Messi, 36, had initially considered a return to Barca, the club he had left in 2021 due to its financial crisis, while he also rejected a lucrative deal from Saudi Arabia's PIF fund to join Al-Hilal.
"I saw it as done at the end of May," Mas said. "I didn't want him to feel under pressure. We had spoken in Barcelona, Miami, Rosario, Doha ... I spent the whole World Cup in Qatar, watching Argentina.
"The Apple contract was very important to close the deal."
MLS broadcast partner Apple recently announced a four-part docuseries on AppleTV+ about Messi's World Cup journey, from his first tournament appearance in 2006 to eventual trophy in 2022.
Messi, who is on holiday, is expected to sign a contract with Inter Miami until December 2025, with an option year for 2026, while Mas confirmed the forward will earn "between £50 million and $60m per year."
Mas also confirmed long-standing interest in surrounding Messi with players he is familiar with, including Sergio Busquets and Jordi Alba. He also said Miami will make "two or three" further signings but played down reports that two of Messi's close friends -- former Barca forward Luis Suarez and Argentina winger Angel Di Maria -- could arrive this summer.
"He [Suarez] is under contract, he has a clause, and I don't know if this will materialise," Mas said. "We have also spoken to Di Maria but it seems that he is about to sign for another team."
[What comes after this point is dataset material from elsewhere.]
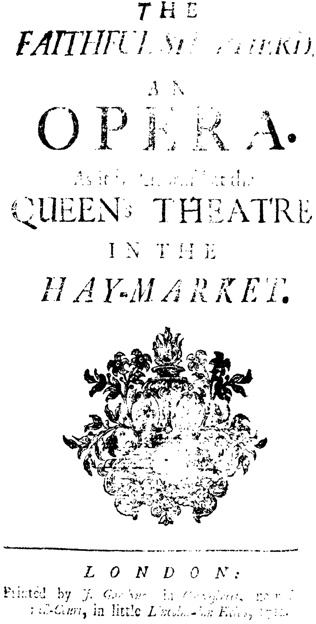 Georg Friedrich Händel - Il pastor fido - title page of the libretto - London 1712

Meanwhile, Barcelona president Joan Laporta said Messi did not want to return to the club because he "wanted less pressure."
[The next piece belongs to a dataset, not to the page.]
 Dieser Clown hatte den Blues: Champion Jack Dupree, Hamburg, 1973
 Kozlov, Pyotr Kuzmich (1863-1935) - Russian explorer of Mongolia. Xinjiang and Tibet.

"I understand it, but one thing has nothing to do with the other," Laporta told Spanish newspaper La Vanguardia.
"We had an agreement with LaLiga that we would dedicate part of the resources we have to Messi. It was included in the viability plan. We communicated it to Jorge Messi. He told me that Leo had had a very difficult year in Paris and that he wanted less pressure. With our option, he would have continued to be under pressure, and I understood his decision."